● TASK REQUIREMENTS:
Please repeat, precisely as written, only the lines from the one containing "A kert igazi" through the last line of the records below, pictures omitted.

Records from a collection:
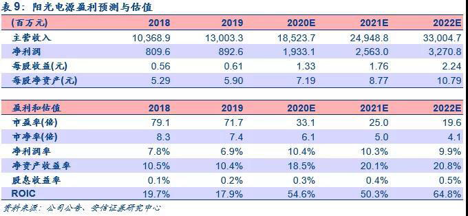 儲能市場前景廣闊,儲能逆變器業(yè)績有望持續(xù)高增。隨著光伏新能源利用的日益普及,光伏發(fā)電的波動性特征以及企業(yè)調(diào)峰調(diào)頻成本考慮,未來光伏發(fā)電將越來越多的配備儲能設備,光伏儲能逆變器將成為行業(yè)的重要發(fā)展方向之一。根據(jù)招股說明書信息,公司于2015年推出ES系列單相光伏儲能混合逆變器后不斷豐富產(chǎn)品品類,近年來儲能逆變器出貨量和營收持續(xù)高增,其中2019年公司實現(xiàn)儲能逆變器銷量1.47萬臺,同比增長132.2%,戶用儲能逆變器出貨量全球市場排名第一位,市場占有率為15%,實現(xiàn)營收1.08億元,同比增長147.8%。未來隨著儲能市場的快速發(fā)展,公司儲能逆變器業(yè)績有望保持高增狀態(tài)。
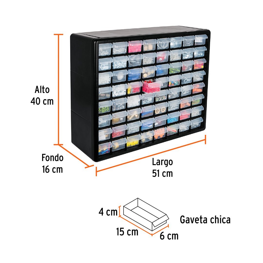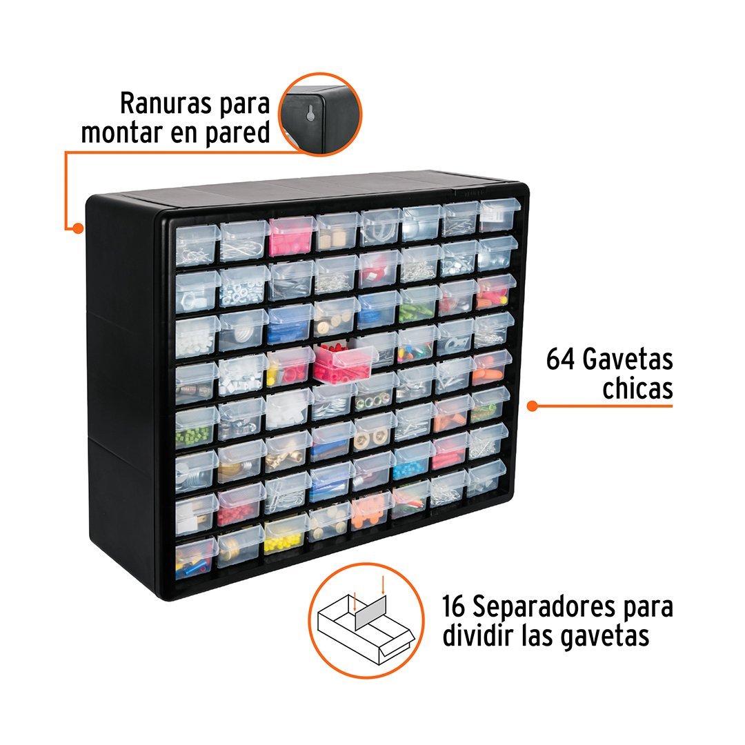 16 Separadores para dividir las gavetas, ubicados al reverso del organizador
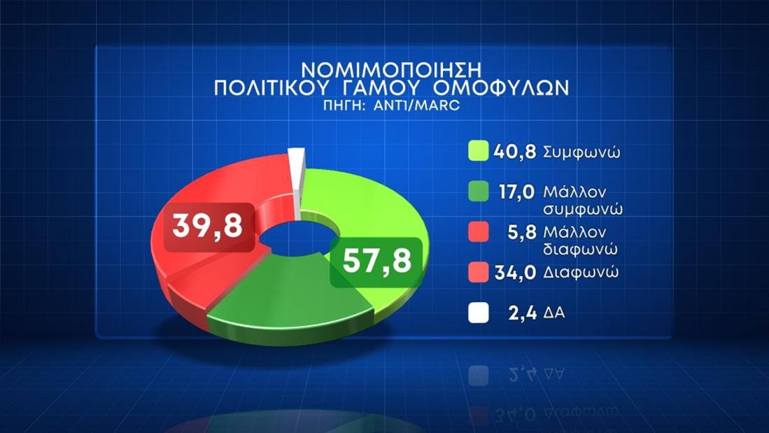 Το 57,8% απαντά ότι «συμφωνεί» ή «μάλλον συμφωνεί» με τη θεσμοθέτηση του πολιτικού γάμου για τα ομόφυλα ζευγάρια, ενώ το 39,8% «διαφωνεί» ή «μάλλον διαφωνεί».
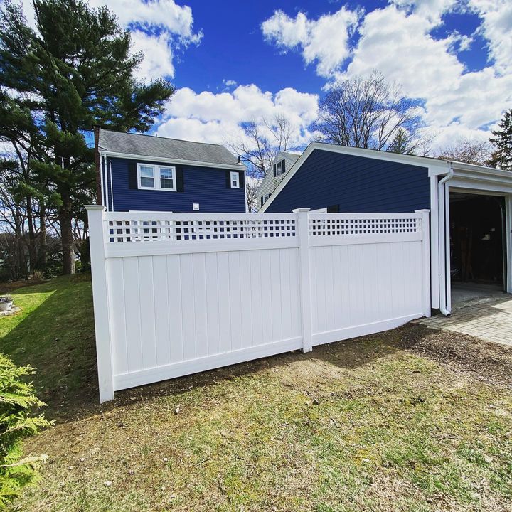A new installation in West Roxbury enhances privacy and decor with a 6-foot vinyl fence including decorative rail and lattice work. This design is a testament to our fusion of function and flair. Explore the possibilities for your property by visiting our portfolio and contacting us today.
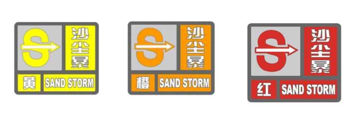 沙尘暴预警信号分三级,分别以黄色、橙色、红色表示。
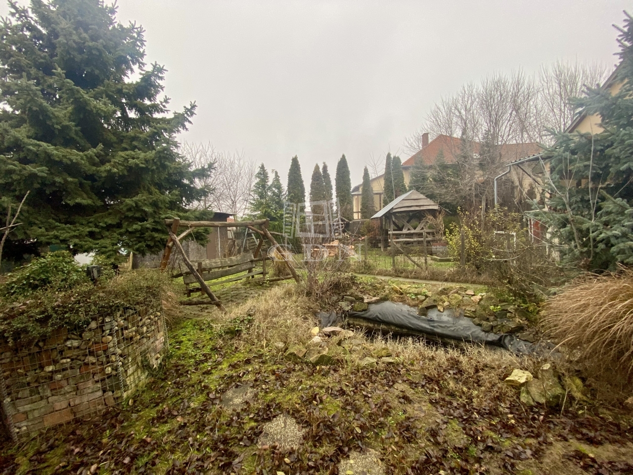 A kert igazi különlegesség: több, pihenésre alkalmas rész került kialakításra, keményfából épített fedett kiülővel, dupla gépkocsi-beállóval, kerti tóval, valamint gabion kerítéssel és kövekkel díszített magas ágyásokkal, örökzöld növényekkel. A kellemes hangulatról 2 db hintaágy is gondoskodik. A magas növényzettel körbevett telek teljes intimitást biztosít, elzárva a külvilágtól.
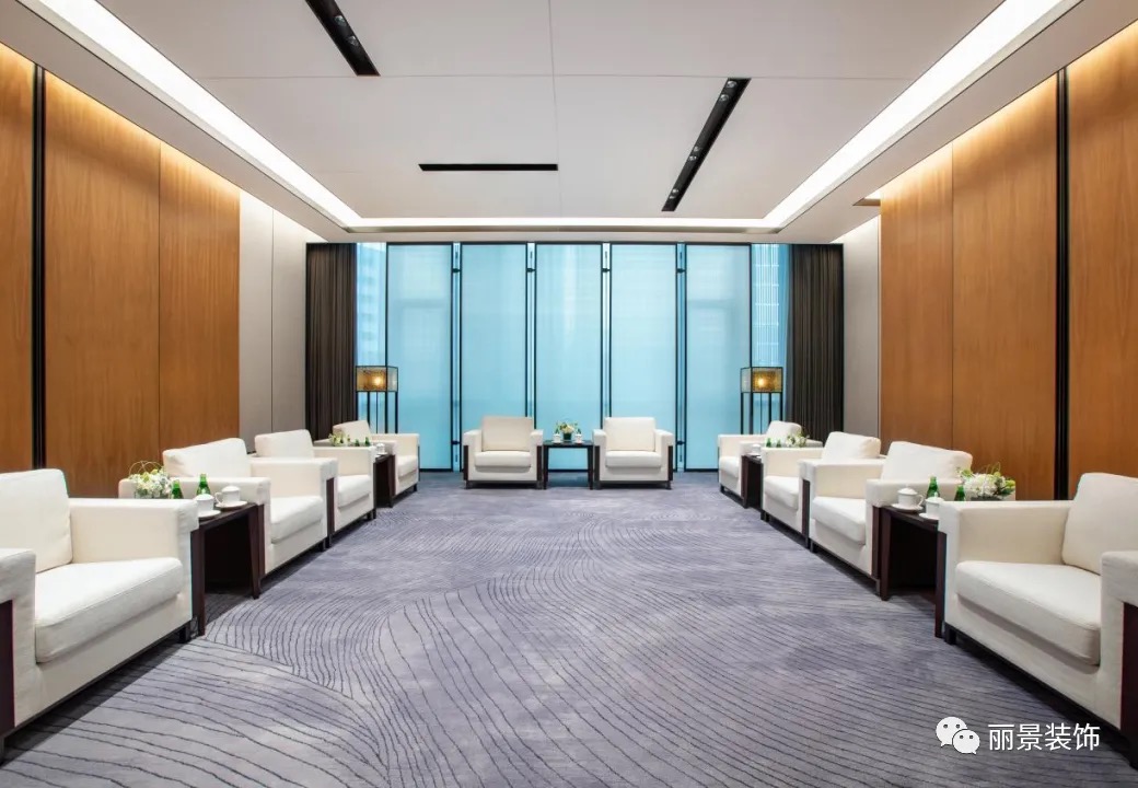 由陽(yáng)光麗景承建裝飾的6間會(huì)議室共1650平方米。其中,880平方米的大宴會(huì)廳,其空間裝飾將金屬與木飾面交融,以剛?cè)岵?jì)之美,演繹簡(jiǎn)潔闊朗的新現(xiàn)代藝術(shù)風(fēng)格。為了更好的體現(xiàn)出會(huì)議區(qū)域的莊重感,施工團(tuán)隊(duì)反復(fù)打樣推敲金屬與木制品的色彩搭配,項(xiàng)目團(tuán)隊(duì)還多次提出合理化建議,以專業(yè)的技能、優(yōu)質(zhì)的服務(wù)得到業(yè)主與設(shè)計(jì)單位的一致好評(píng)。

● ANSWER:
 A kert igazi különlegesség: több, pihenésre alkalmas rész került kialakításra, keményfából épített fedett kiülővel, dupla gépkocsi-beállóval, kerti tóval, valamint gabion kerítéssel és kövekkel díszített magas ágyásokkal, örökzöld növényekkel. A kellemes hangulatról 2 db hintaágy is gondoskodik. A magas növényzettel körbevett telek teljes intimitást biztosít, elzárva a külvilágtól.
 由陽(yáng)光麗景承建裝飾的6間會(huì)議室共1650平方米。其中,880平方米的大宴會(huì)廳,其空間裝飾將金屬與木飾面交融,以剛?cè)岵?jì)之美,演繹簡(jiǎn)潔闊朗的新現(xiàn)代藝術(shù)風(fēng)格。為了更好的體現(xiàn)出會(huì)議區(qū)域的莊重感,施工團(tuán)隊(duì)反復(fù)打樣推敲金屬與木制品的色彩搭配,項(xiàng)目團(tuán)隊(duì)還多次提出合理化建議,以專業(yè)的技能、優(yōu)質(zhì)的服務(wù)得到業(yè)主與設(shè)計(jì)單位的一致好評(píng)。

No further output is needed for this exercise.